◆ Problem: Repeat each record below exactly, omitting whatever pictures appear in it.

◆ Data shown:
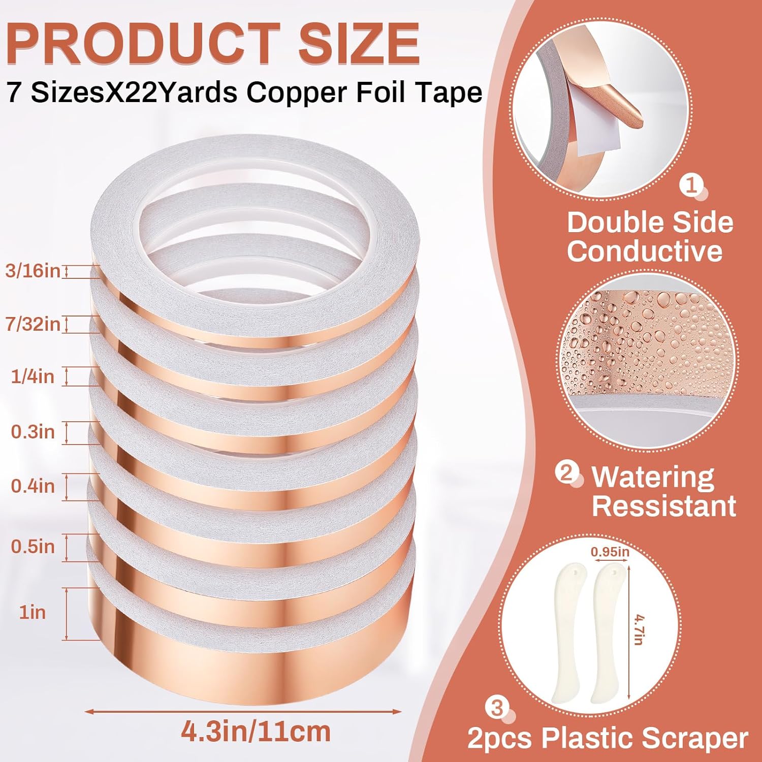 • Multi-Size Conductive Copper Foil Tape: The set contains 7 rolls of genuine copper foil tape, each 22 yards in length. Width options include 3/16″, 7/32″, 1/4″, 0.3″, 0.4″, 0.5″, and 1″. Designed to conduct electricity on both sides, the tape adheres smoothly to uneven surfaces and supports a wide range of DIY and stained glass projects.
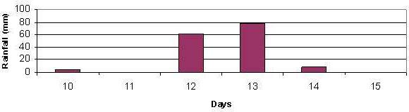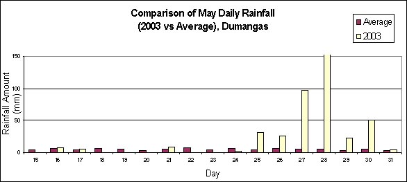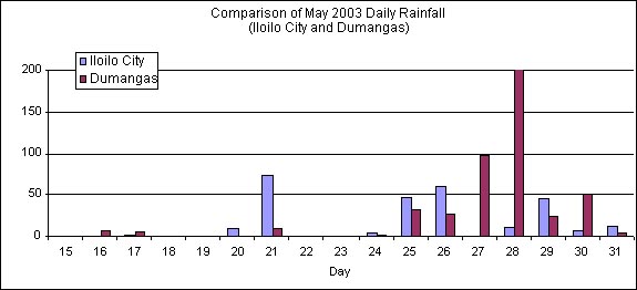 Comparison of the average and daily rainfall values from 25-30 May 2003 with the long-term average rainfall values for Dumangas indicate that the six-day rainfall episode is anomalous and is responsible for the unseasonal flashflood that occurred in some areas in Iloilo and especially, Dumangas on 28 May 2003 (Figure 14). Comparison of rainfall in Dumangas and Iloilo City during this period further points to the localized rainfall anomaly as shown in Figure 15. Twenty-five barangays in the municipality were submerged in floodwaters, which affected 377 families (2,244 people) and damaged crops and infrastructure.
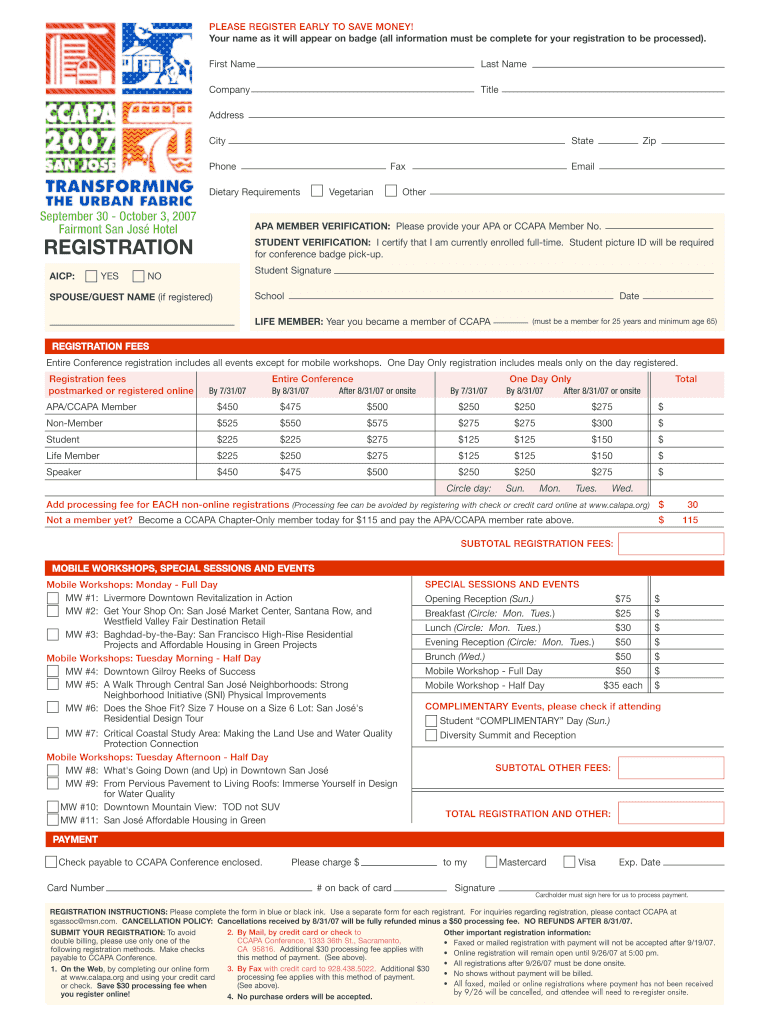 PLEASE REGISTER EARLY TO SAVE MONEY! Your name as it will appear on badge (all information must be complete for your registration to be processed). First Nameless NameCompanyTitleAddress CityStatePhoneFaxDietary
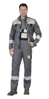 Описание: Костюм «СИРИУС-МАСТЕР» состоит из куртки и полукомбинезона.Куртка короткая, с отложным воротником с центральной потайной застежкой на четыре петли и пуговицы, застежкой притачного пояса на одну петлю и пуговицу частично стянутого резинкой; с нагрудными и нижними накладными карманами. Рукава втачные, с притачным манжетам, частично стянутым на эластичную тесьму. В куртке предусмотрена Лента светоотражающая шириной 50мм. для обозначения сигнальной видимости. Полукомбинезон прямого покроя, с застёжкой гульфика и застёжкой в правом боковом шве на три петли и пуговицы, с карманом и клапаном на нагруднике, с боковыми накладными карманами, с карманами для инструментов. По низу полукомбинезона предусмотрена Лента светоотражающая шириной 50мм. для обозначения сигнальной видимости
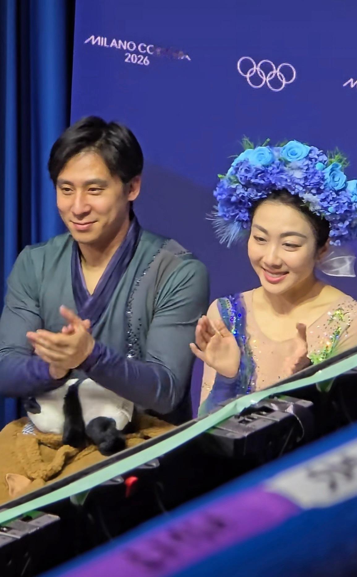 隋文静韩聪下班快乐 凌晨结束的米兰冬奥会花样滑冰自由滑中,卫冕冠军隋文静、韩聪演绎《只此青绿》,拿到135.98分,刷新两人赛季最好成绩,“葱桶”组合总分208.64,最终排名第五。
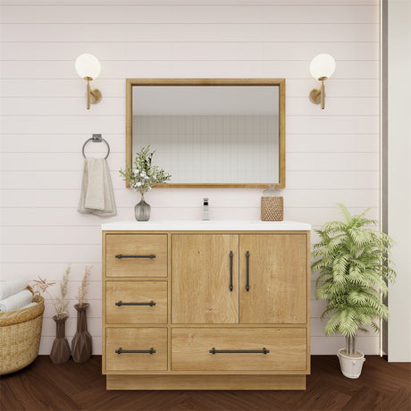 Carla 42 In. Freestanding Single Sink Bathroom Vanity with Acrylic Top & Right Side Drawers
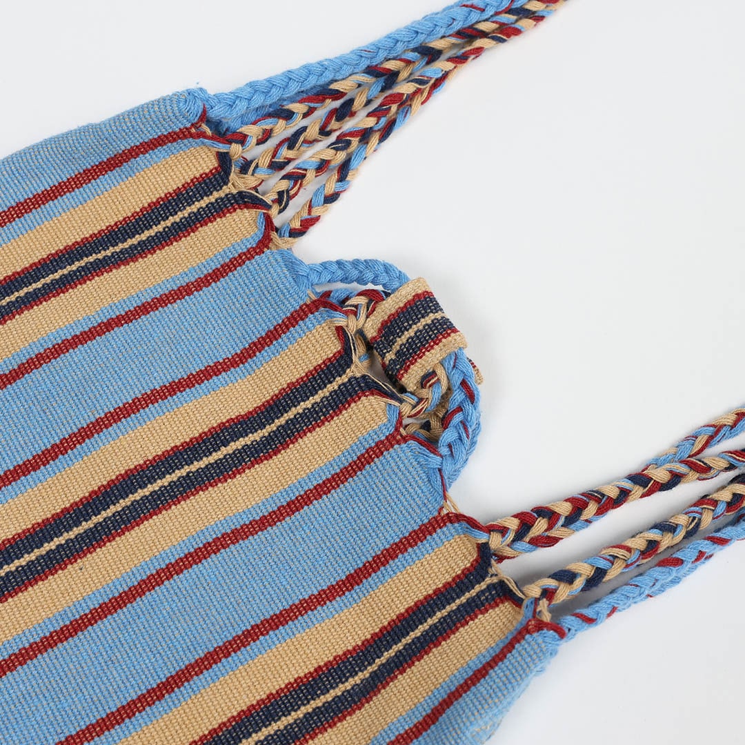 ハンモックのサスペンション部分がストラップのデザインになったサコッシュ。春夏〜秋冬と季節に合わせやすく、複数所有したくなる豊富なカラー展開です。多色使いで、コーディネートに程よいアクセントを加えます。織り方やデザインからトラディショナルな魅力を感じられるバッグです。
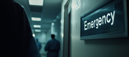 Red Emergency Sign on a White Wall, with a Blurred Hospital Corridor in the Background.

◆ Exercise answer:
 • Multi-Size Conductive Copper Foil Tape: The set contains 7 rolls of genuine copper foil tape, each 22 yards in length. Width options include 3/16″, 7/32″, 1/4″, 0.3″, 0.4″, 0.5″, and 1″. Designed to conduct electricity on both sides, the tape adheres smoothly to uneven surfaces and supports a wide range of DIY and stained glass projects.
 Comparison of the average and daily rainfall values from 25-30 May 2003 with the long-term average rainfall values for Dumangas indicate that the six-day rainfall episode is anomalous and is responsible for the unseasonal flashflood that occurred in some areas in Iloilo and especially, Dumangas on 28 May 2003 (Figure 14). Comparison of rainfall in Dumangas and Iloilo City during this period further points to the localized rainfall anomaly as shown in Figure 15. Twenty-five barangays in the municipality were submerged in floodwaters, which affected 377 families (2,244 people) and damaged crops and infrastructure.
 PLEASE REGISTER EARLY TO SAVE MONEY! Your name as it will appear on badge (all information must be complete for your registration to be processed). First Nameless NameCompanyTitleAddress CityStatePhoneFaxDietary
 Описание: Костюм «СИРИУС-МАСТЕР» состоит из куртки и полукомбинезона.Куртка короткая, с отложным воротником с центральной потайной застежкой на четыре петли и пуговицы, застежкой притачного пояса на одну петлю и пуговицу частично стянутого резинкой; с нагрудными и нижними накладными карманами. Рукава втачные, с притачным манжетам, частично стянутым на эластичную тесьму. В куртке предусмотрена Лента светоотражающая шириной 50мм. для обозначения сигнальной видимости. Полукомбинезон прямого покроя, с застёжкой гульфика и застёжкой в правом боковом шве на три петли и пуговицы, с карманом и клапаном на нагруднике, с боковыми накладными карманами, с карманами для инструментов. По низу полукомбинезона предусмотрена Лента светоотражающая шириной 50мм. для обозначения сигнальной видимости
 隋文静韩聪下班快乐 凌晨结束的米兰冬奥会花样滑冰自由滑中,卫冕冠军隋文静、韩聪演绎《只此青绿》,拿到135.98分,刷新两人赛季最好成绩,“葱桶”组合总分208.64,最终排名第五。
 Carla 42 In. Freestanding Single Sink Bathroom Vanity with Acrylic Top & Right Side Drawers
 ハンモックのサスペンション部分がストラップのデザインになったサコッシュ。春夏〜秋冬と季節に合わせやすく、複数所有したくなる豊富なカラー展開です。多色使いで、コーディネートに程よいアクセントを加えます。織り方やデザインからトラディショナルな魅力を感じられるバッグです。
 Red Emergency Sign on a White Wall, with a Blurred Hospital Corridor in the Background.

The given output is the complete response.